Honda has confirmed that it will return to Formula 1 as a power unit manufacturer in 2026 with Aston Martin. The Japanese company’s previous management decided not to renew its Red Bull deal that expired at the end of 2021. Honda, which did not pull out for financial reasons, cited a shift of focus to developing alternative energy forms to become carbon neutral by 2050. The 2026 engine regulations will do away with the current focus on the innovative MGU-H system and instead emphasise energy harvested under braking by the MGU-K, which has attracted several manufacturers to F1, including Audi and Sauber, who have joined forces with Alfa Romeo.
Honda believes that the new engine formula, with a larger percentage of electrification and a move towards carbon neutrality, has made F1 compatible again with its mass electric vehicle plans. CEO Toshihiro Mibe said, “we believe that the technologies and know-how gained from this new challenge can potentially be applied directly to our future mass production electric vehicles.”

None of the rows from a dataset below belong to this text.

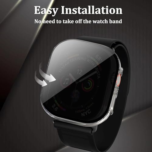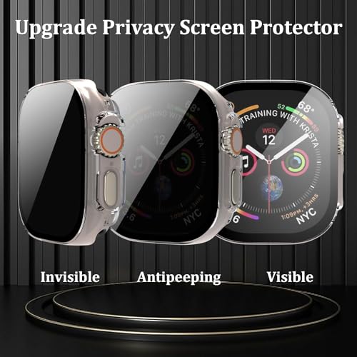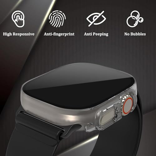 - [شاشة حماية مضادة للتجسس]: الشاشة واضحة فقط للأشخاص الموجودين أمام الشاشة مباشرة، ولا يمكن رؤية شاشة الساعة الذكية إذا كانت من زاوية أقل من 30 درجة. شاشة حماية بتصميم مطور من الزجاج المقوى وحافظة واحدة لساعة آبل 49 ملم.
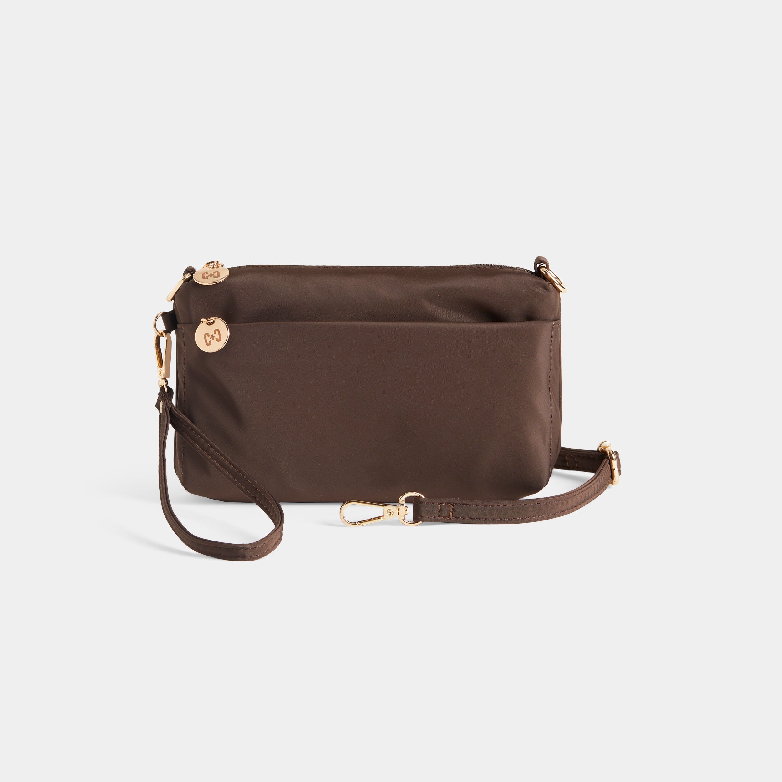 Small but mighty! Our Little Stash Bags are the perfect handbag helper. Made with storage compartments on the front and back, the zippered interior holds cash, keys, makeup, and so much more. Perfect for travel. Metal hardware. Dimensions: 8.5"W x 6"H x 5"D.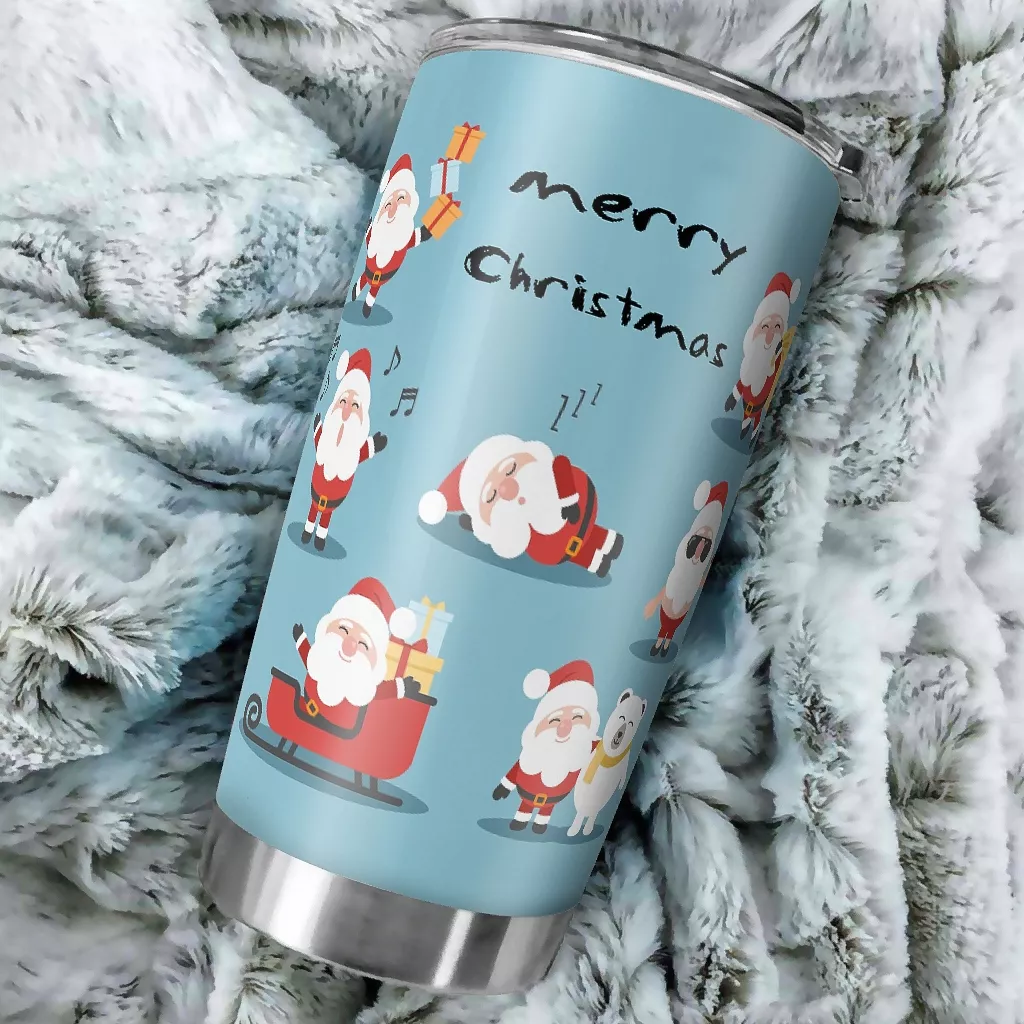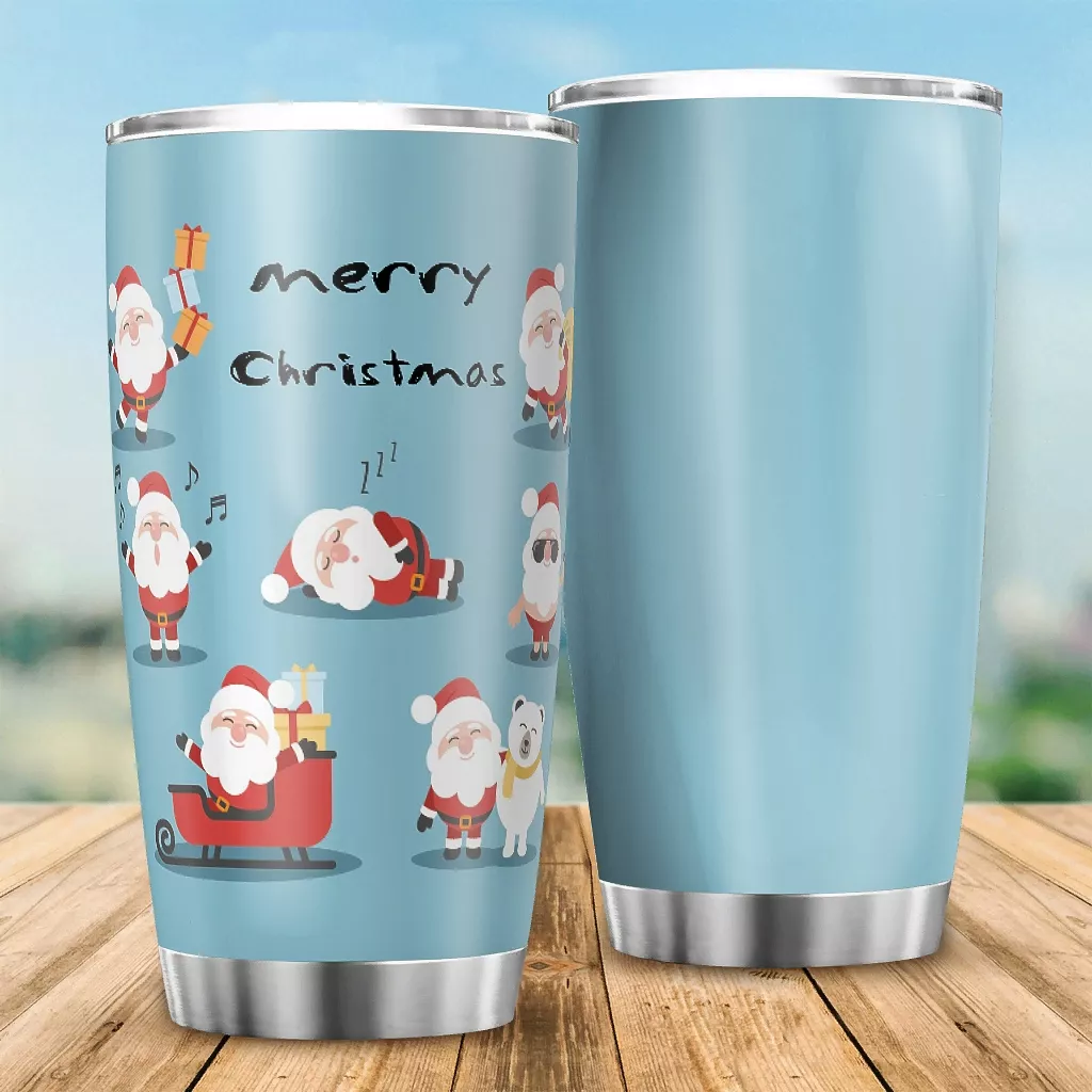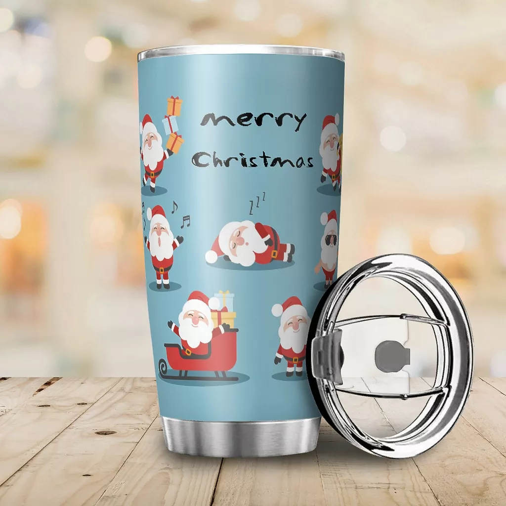 Printed Portable Stainless Steel Car Mug Happy Santa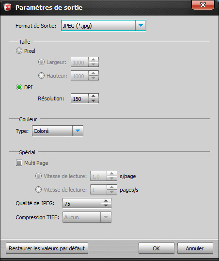 Image:Définir l'effet d'image pour la sortie de Microsoft Word, Microsoft PowerPoint, EPUB, et HTML. Vous pouvez sélectionner le format de l'image de sortie, ajuster la qualité de l'mage JPEG, et définir la résolution de l'image de sortie.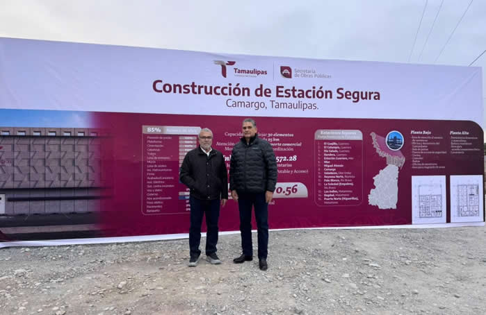 Camargo, Tamaulipas.– Como parte del compromiso institucional de fortalecer la infraestructura en materia de seguridad pública, el secretario de Seguridad Pública de Tamaulipas, Carlos Arturo Pancardo Escudero, supervisó la construcción de las Estaciones Seguras que se desarrollan en la zona fronteriza del estado.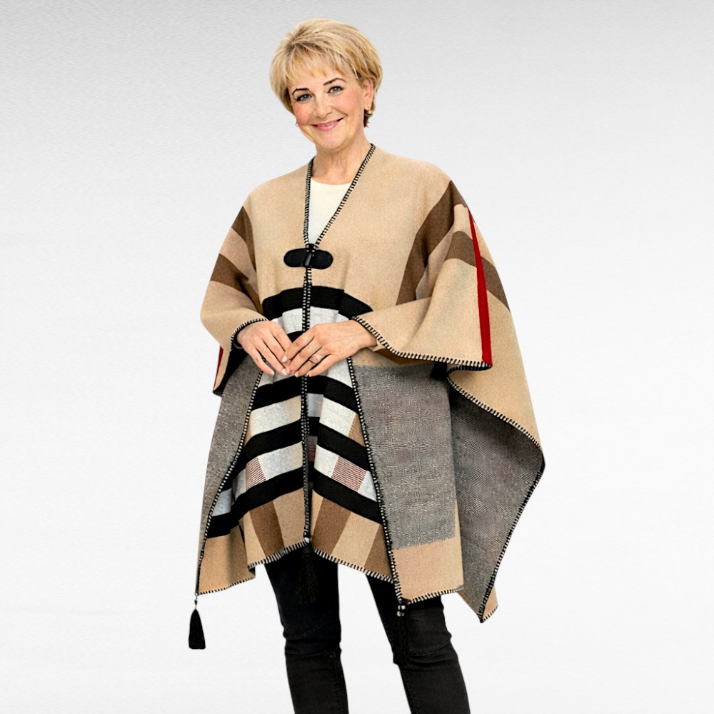 See beežides toonides pontšo on tõeline moepärl – burberry stiilis punase-, musta- ja valgeruuduline mustrimäng toob esile modernse ja šiki välimuse, samas kui soe ja pehme materjal (70% akrüül, 30% vill) pakub luksuslikku mugavust igal aastaajal.

Honda recently announced its target to double its global EV and hydrogen sales by 2024 and is planning to produce more than two million EVs annually by 2030. In 2026, F1 will also use 100% renewable biofuel, which the head of Honda Racing Corporation, Koji Watanabe, described as a perfect match for Honda‘s strategy. “The 2026 regulations would obligate us to go 100% towards carbon-neutral fuel and that would require us to really think about how to integrate the new fuel with the internal combustion engine,” he explained. “We also would have to think about how to make the efficiency optimised in order to speed up, and I think that direction matches with Honda‘s direction.”
Red Bull secured Ford as its 2026 works backer, leaving Honda Racing Corporation to partner with Aston Martin for its F1 comeback. Nevertheless, Honda is still supporting Red Bull with its current power unit. The change in the engine regulations will see the MGU-H system removed, which many believe has deterred OEMs from entering F1. It is believed that the new regulations will enable F1 to attract a wider variety of engine manufacturers to the sport.